Using a semantic framework, one can derive more tools than just verifiers. If one is able to derive an interpreter, then testing the semantics is easy. One can test the interpreter against other interpreters and compilers for the same langage, thus establishing the correctness of, or at least reducing the number of bugs in, the language semantics.

Ease of engineering

Separation of language definition from tooling can be exploited in a team work. The development effort for a verification tool can be split between people with knowledge of formal verification techniques, and people with knowledge of the particular programming language. The language for describing a language semantics can serve as a well-defined interface.

Amortization of costs

Development costs get amortized as the number of tools and number of languages grows. Tools can easily adapt as languages evolve.

Limitations

However, in the current state of the art, as implemented in the K-framework backed by reachability logic, there are many limitations. Some limitations are only a matter of implementation, while to resolve the other ones, one would need to develop better logical foundations.

Limitations of the logic

Reachability logic generalizes Hoare logic. That means it can be used for reasoning about partial correctness of programs, but not about other properties. For example, there is a class of so-called hyperproperties, called “k-safety hyperproperties”, that can be used for specifying security policies on programs. Some extensions to Hoare logic can handle these, but Reachability logic does not support these. Only recently I have created a logic capable of reasoning about k-safety hyperproperties in a language-parametric way, but it hasn’t been implemented in any tool, as it is not entirely clear how to automate reasoning in such logic.

Similarly, reasoning about pointer aliasing is difficult in reachability logic. Perhaps someone could create a logic mixing reachability logic with separation logic?

Limitations of the implementation

K-framework is quite slow, and it is not obvious to me how to make it faster. One approach might be partial specialization of semantics with programs before performing reasoning about the program, but this has not been explored properly yet.

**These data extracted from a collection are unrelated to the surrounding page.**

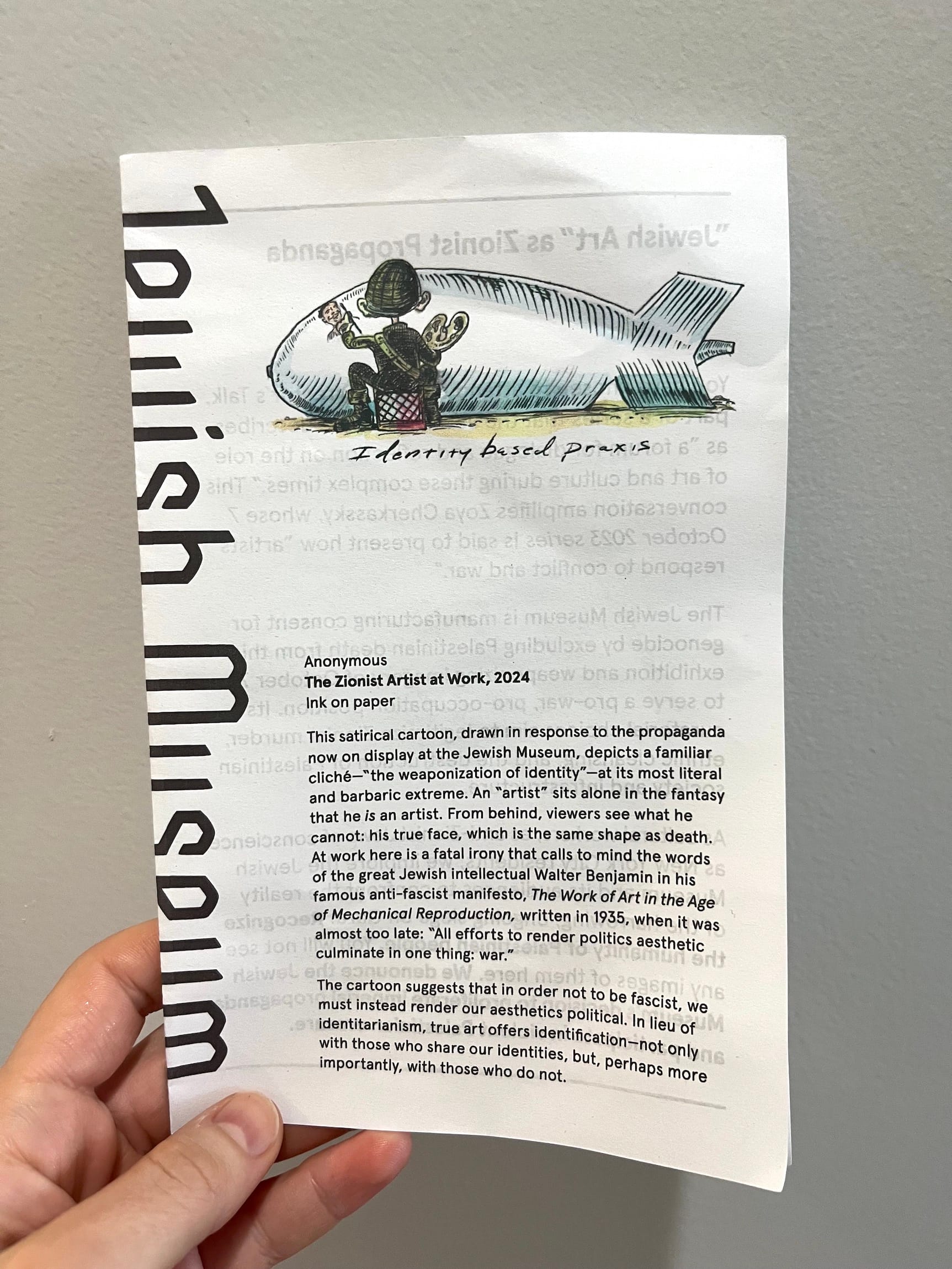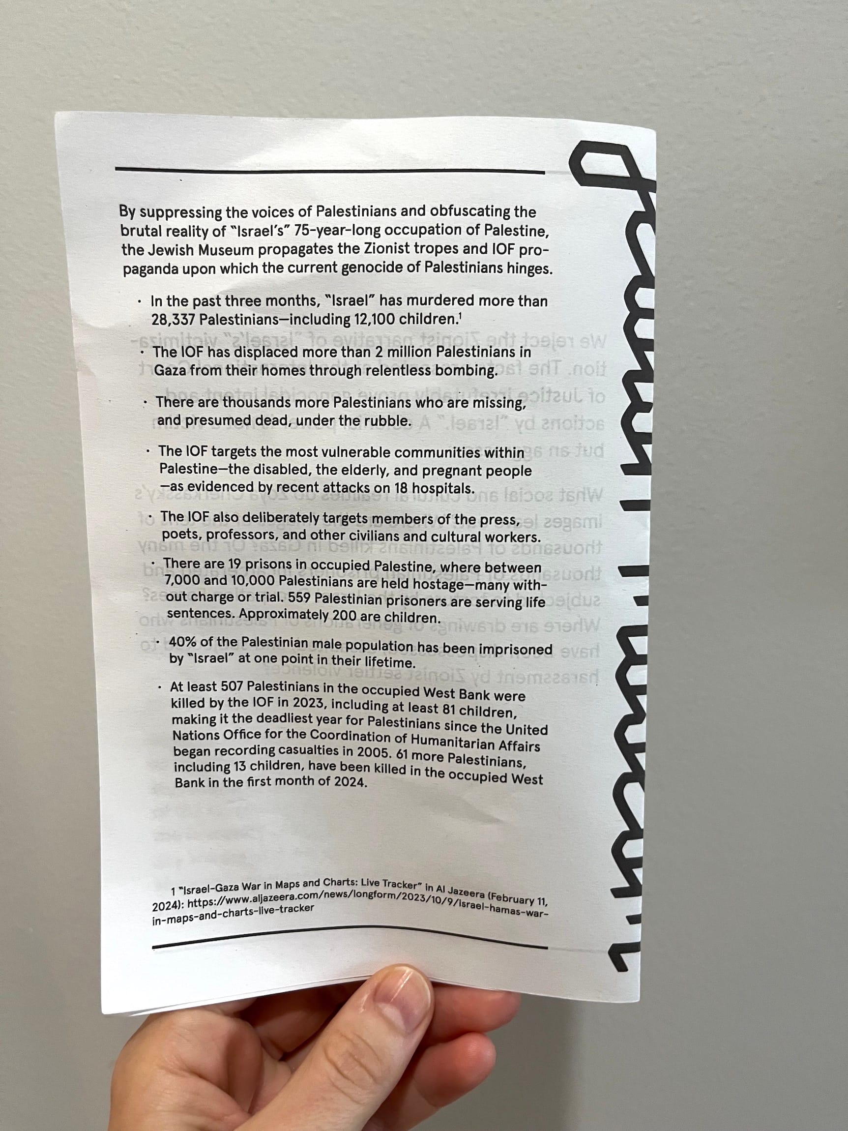 "[The Jewish Museum's] curatorial choices aim to legitimize Zionist murder, ethnic cleansing, and the destruction of Palestinian society and infrastructure," read a text on the leaflet.
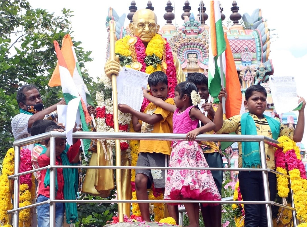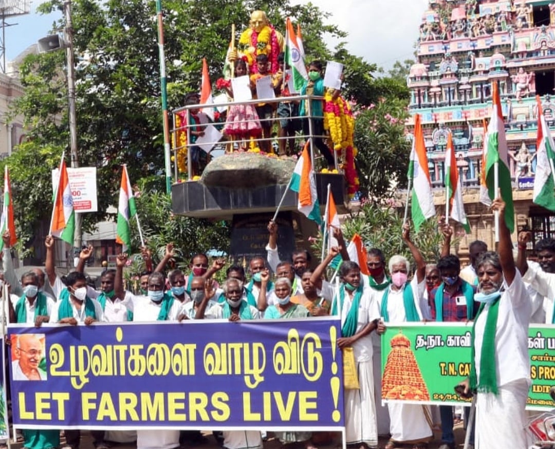 இந்நிலையில்தான் காந்தி ஜெயந்தியை முன்னிட்டு, தஞ்சை மாவட்ட காவிரி விவசாயிகள் பாதுகாப்புச் சங்கத்தைச் சேர்ந்த ஏராளமான விவசாயிகள் தங்களது குழந்தைகளோடு, கும்பகோணம் உச்சிப்பிள்ளையார் கோயில் பகுதியில் உள்ள காந்தி சிலைக்கு மாலை அணிவித்து மரியாதை செலுத்தினார்கள். அதைத் தொடர்ந்து மத்திய அரசு கொண்டு வந்துள்ள மூன்று வேளாண் சட்டங்களையும் ரத்து செய்யப் பரிந்துரை செய்யுமாறு, காந்தி சிலையிடம் மனு அளித்துவிட்டு தேசிய கொடியுடன் ஆர்ப்பாட்டம் நடத்தினார்கள். இச்சட்டங்களுக்கு எதிராகவும், டெல்லியில் போராடும் விவசாயிகளுக்கு ஆதரவு தெரிவித்தும் முழக்கங்களை எழுப்பினார்கள்.
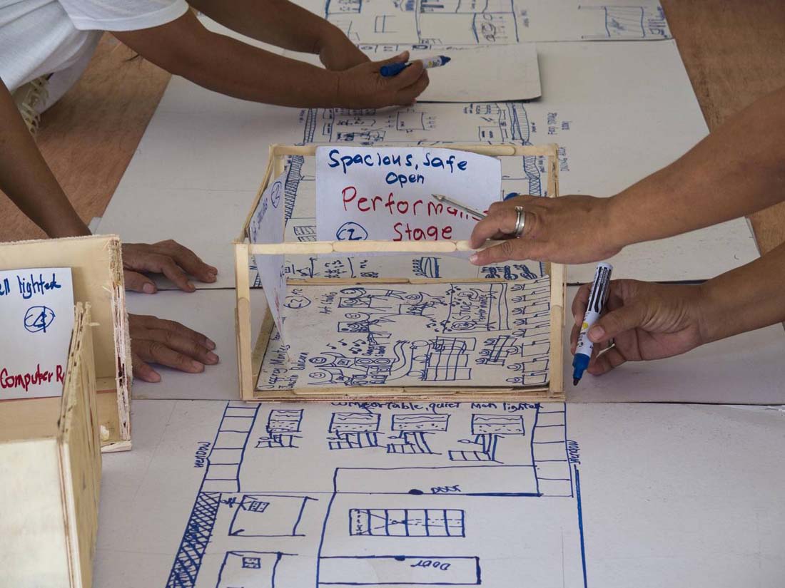 他们通过一系列全民参与性工作坊如手绘、诗歌、模型制作、绘制地图和物理搭建等形式为新基地添砖加瓦。鼓励参与者亲手搭建并主宰自己的共享社区。经过广泛的设计探讨,最终“开放与轻量”和“闭合与安宁”理念获得了社区民众的最广泛共鸣。因此,厚重的混凝土体块将用于在台风期间提供遮蔽,而通风的轻质木材结构将用于自然通风,并可以使强风通过建筑。
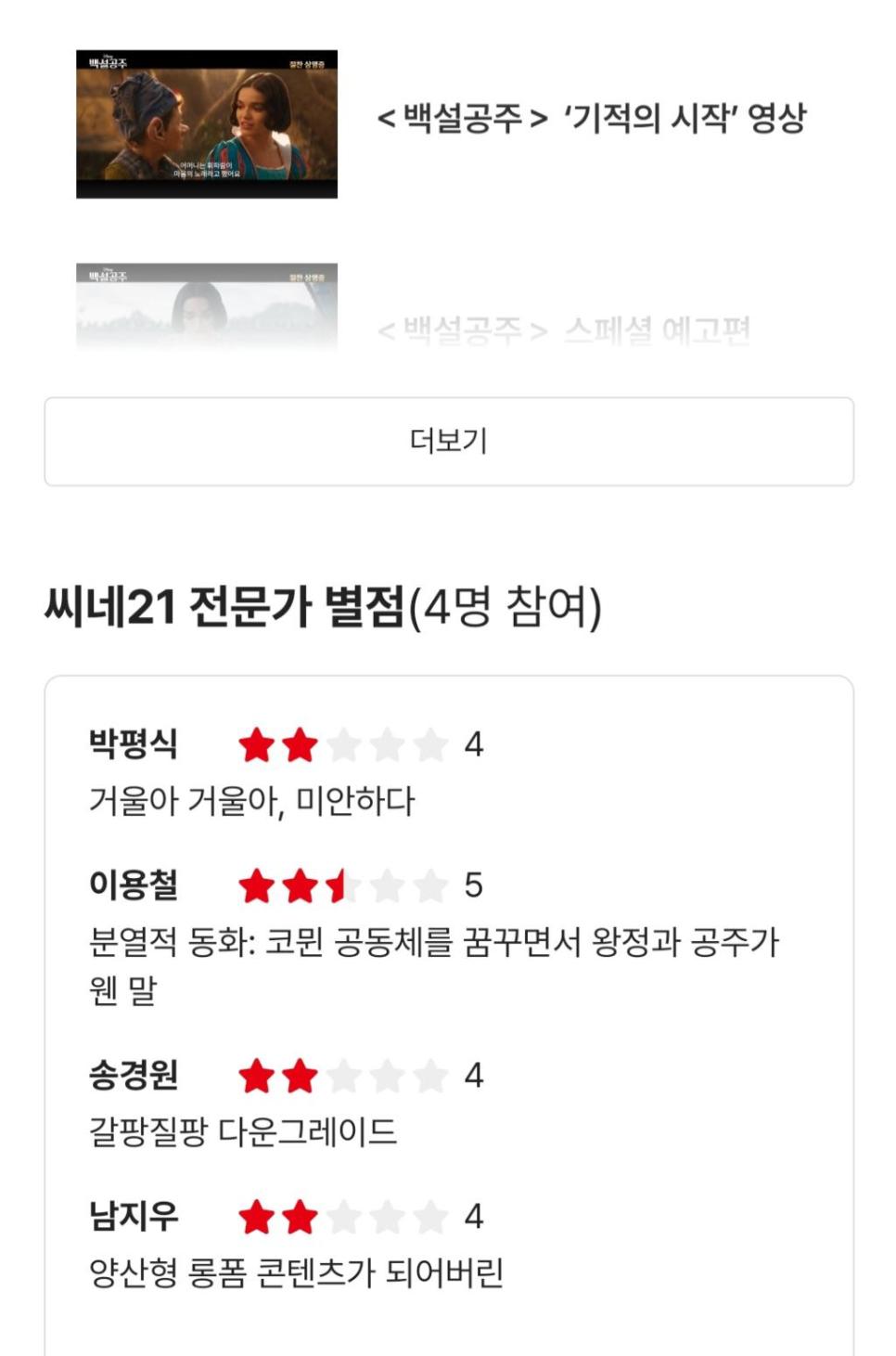 먼가 안 예쁜건 아닌데 눈 사이 거리가 너무 먼 편이라 거기서 오는 불편감이 있는 거 같고 아무래도 백설공주하고는 어울리지 않는 데 스토리 자체를 통념적인 거하고 거리를 두게 만든거라 아예 노리고 캐스팅 한건가 싶네 | 25.03.23 21:01 | | |
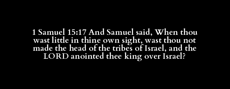 1 Samuel 15:17 And Samuel said, When thou wast little in thine own sight, wast thou not made the head of the tribes of Israel, and the LORD anointed thee king over Israel?
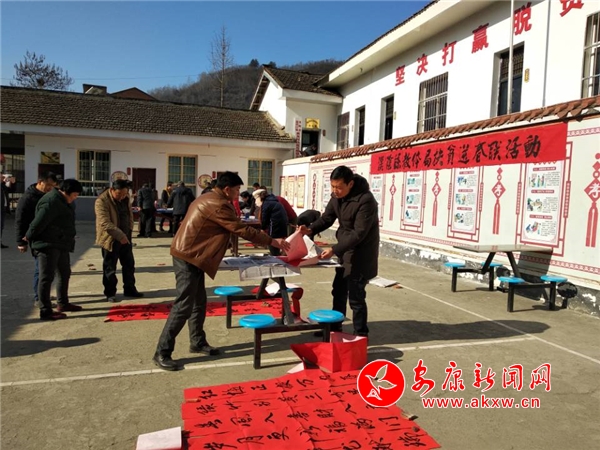 從1月22日開始,教體局組織黨員干部深入幫扶貧困村,為貧困戶義寫春聯(lián)活動(dòng),將春聯(lián)送到貧困戶手中。書法家們現(xiàn)場(chǎng)揮毫潑墨、筆走龍蛇,領(lǐng)取春聯(lián)的村民接踵而來,整個(gè)村部洋溢著濃郁的節(jié)日氣息,紅紅的春聯(lián)、濃濃的祝福,映紅了張張笑臉,溫暖了貧困戶的心窩。貧困戶紛紛稱贊,以前春聯(lián)都是街上買的,教體局組織送春聯(lián)活動(dòng),感覺味道不一樣,心里高興,感謝國(guó)家好政策,不忘黨和政府的關(guān)懷,從書法家們的書法作品中汲取力量,在黨的十九大春風(fēng)吹動(dòng)下,奮力脫貧致富,建設(shè)美好的新生活。“脫貧攻堅(jiān)送來黨的溫暖,幫村聯(lián)戶譜寫致富新篇”、“新時(shí)代迎來新氣象,新作為結(jié)出新成果”……一副副墨寶飄香的春聯(lián),寫出了村民對(duì)新的一年的期盼,描繪了大家對(duì)脫貧致富美好生活的憧憬和向往。
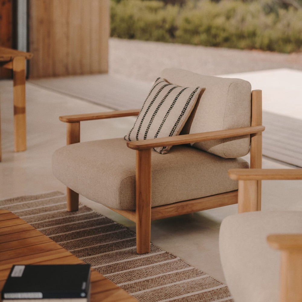 Крісло Tirant - це стримана розкіш, чисті лінії та природне тепло дерева, які зроблять кожен момент на свіжому повітрі особливо затишним.
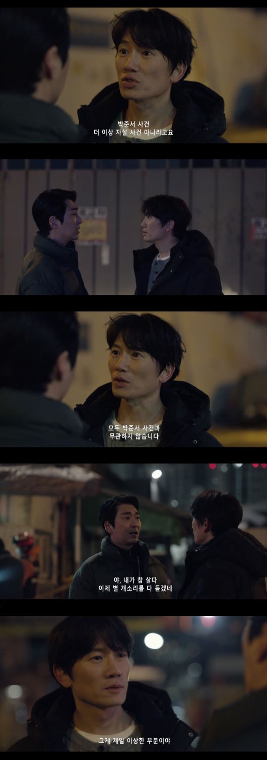 이어 유 경감은 "당신 눈에야 박준서 이명국 그리고 이 방앗간 주인까지 다 관련 있어 보이겠지. 그런데 내 눈엔 거기 항상 당신이 있었다는 게 제일 이상한 부분이야"라고 지적해 눈길을 끌었다.
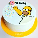 Этот круглый одноярусный торт украшен яркой мастикой в стиле мультсериала «Симпсоны». Основной декор — аппликация с изображением Гомера Симпсона, выполненная из цветной мастики. Торт выглядит очень празднично и идеально подойдет для фанатов культового мультфильма. Простое, но эффектное оформление делает его отличным выбором для тематического торжества.
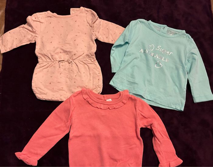 1 t shirt (le bleu) neuf sans étiquette 1 pull ( le rose) neuf sans étiquette 1 robe kiabi Taille 6 mois
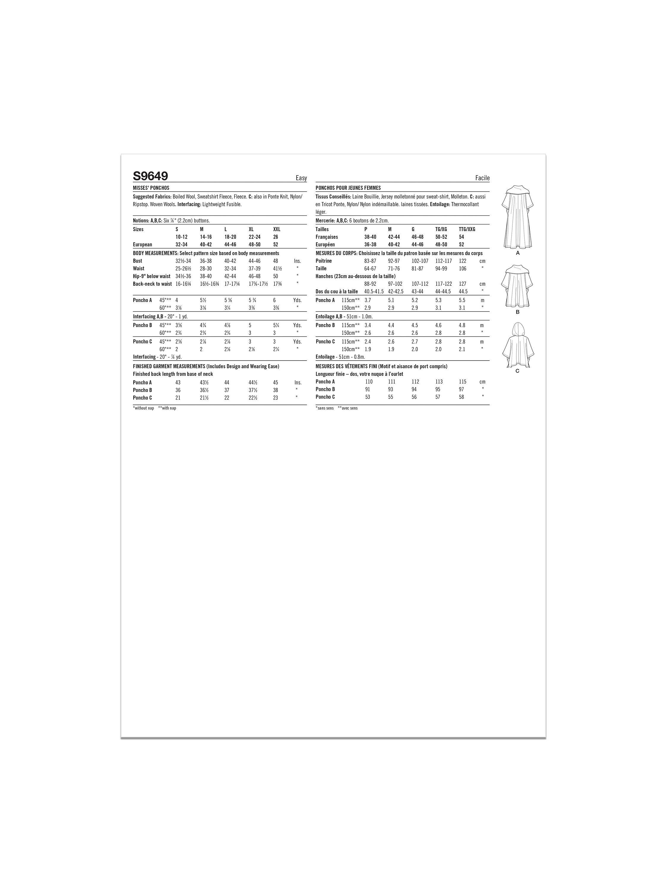 SimplicityMisses' Ponchos Sewing Pattern, S9649A
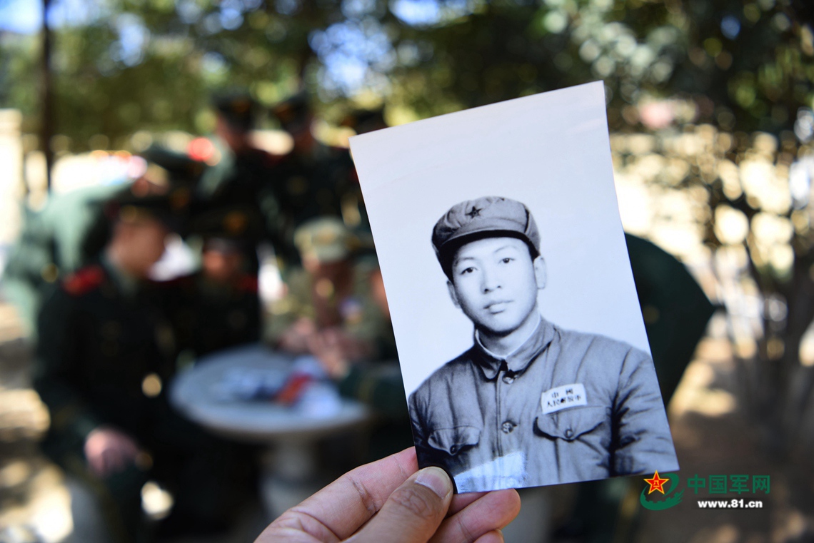 拿着老照片,郑尊礼向官兵们讲述照片上的故事。
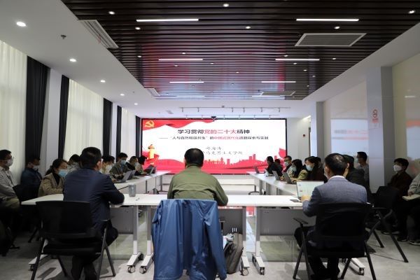 10月25日,微电子学院邀请马克思主义学院叶海涛教授作了题为《学习贯彻党的二十大精神—“人与自然和谐共生”的中国式现代化道路探索与实践》的学习辅导。学院党政领导班子和全体教职工以及学生党员代表参加会议。
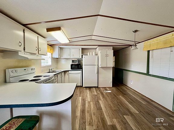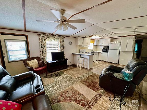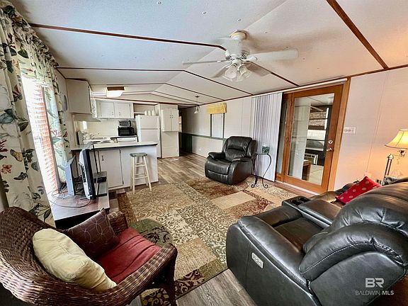 Ready to earn your salt life sticker? This home is located in the Perdido Pines section of Spanish Cove. The golf cart community is on the Perdido Bay and you own the lot. This split floor plan is roomy and includes most of the furnishings and housewares at no additional cost. The vinyl flooring and en-suite walk in shower are 2 yrs old. The roof is 6 yrs old. The stove, refrigerator, washer and dryer are approx. 3 yrs old. The sunroom room is a great addition to relax and visit with friends or family and not included in the sq. footage. There is also a covered deck, attached carport and additional outside storage. Spanish Cove has so much to offer. Your HOA amenities include but are not limited to 2 club houses with a play area, a year round pool that is covered and heated in the winter, fishing pier and beach area on the Perdido Bay. There is a workout room, laundry facilities, showers, tennis/pickleball courts and scheduled activities for all. Lillian is centrally located to Fl and Al shopping, restaurants, entertainment and of course the sandy white beaches. Bring your boat. The Lillian public boat launch is just a couple of miles down the road. There is a 1 time buy in fee of $650 and a $150 lot transfer fee per lot. All information deemed important to be verified by the buyer during their due diligence.This home is to be sold As is Where is. Buyer to verify all information during due diligence.
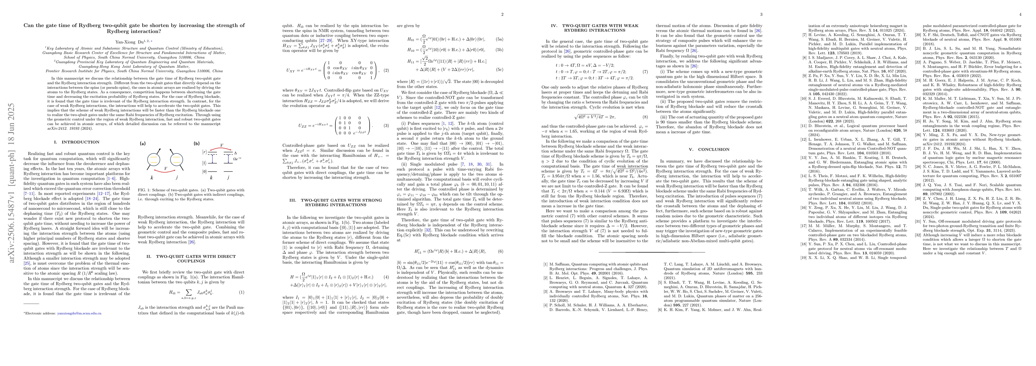In this manuscript we discuss the relationship between the gate time of Rydberg two-qubit gate and the Rydberg interaction strength. Different from the two-qbuit gates that directly depend on the interactions between the spins (or pseudo spins), the ones in atomic arrays are realized by driving the atoms to the Rydberg states. As a consequence, competition happens between shortening the gate time and decreasing the excitation probability of Rydberg states. For the case of Rydberg blockade, it is found that the gate time is irrelevant of the Rydberg interaction strength. In contrast, for the case of weak Rydberg interactions, the interactions will help to accelerate the two-qubit gates. This implies that the scheme of weak Rydberg interactions will be faster than the Rydberg blockade one to realize the two-qbuit gates under the same Rabi frequencies of Rydberg excitation. Through using the geometric control under the region of weak Rydberg interaction, fast and robust two-qubit gates can be achieved in atomic arrays, of which detailed discussion can be referred to the manuscript \textsl{arXiv:2412. 19193 (2024)}.
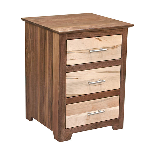 This Contemporary three drawer nightstand possesses high quality and an attractive simple design. Moreover, this is built by highly skilled US craftsman with generations of experience in furniture making. This is made from a Character Walnut that shows the unique pattern of the brown color and the creamy white sap. What is Character Wood? It is cut from the outside layer of the log closest to the bark. As a result, it will show varying knots and different grain patterns.

Another issue of K-framework is that it is complex and it is not formally verified itself. This has been addressed recently by the work on proof object generation (for interpreters as well as for deductive verifiers), where a tool generates a formal proof for each task that it performs. However, this is hardly a substitute for full formal verification, since one cannot know in advance whether the tool will work correctly for his particular task. And the proof generation and checking itself is not based on any sound logic, since the languages used for describing language semantics in K-framework themselves do not have any formal semantics.

Conclusion

Language-parametric verification tools, formal semantic frameworks, and the underlying formal logics are useful tools adressing some of the limitations of the state-of-the-art program verification frameworks. However, more theoretical work is needed to make these competetive in other aspects of program verification, such as reasoning about pointers. Also, more practical work is needed to create language-parametric tools that are performant and provably correct.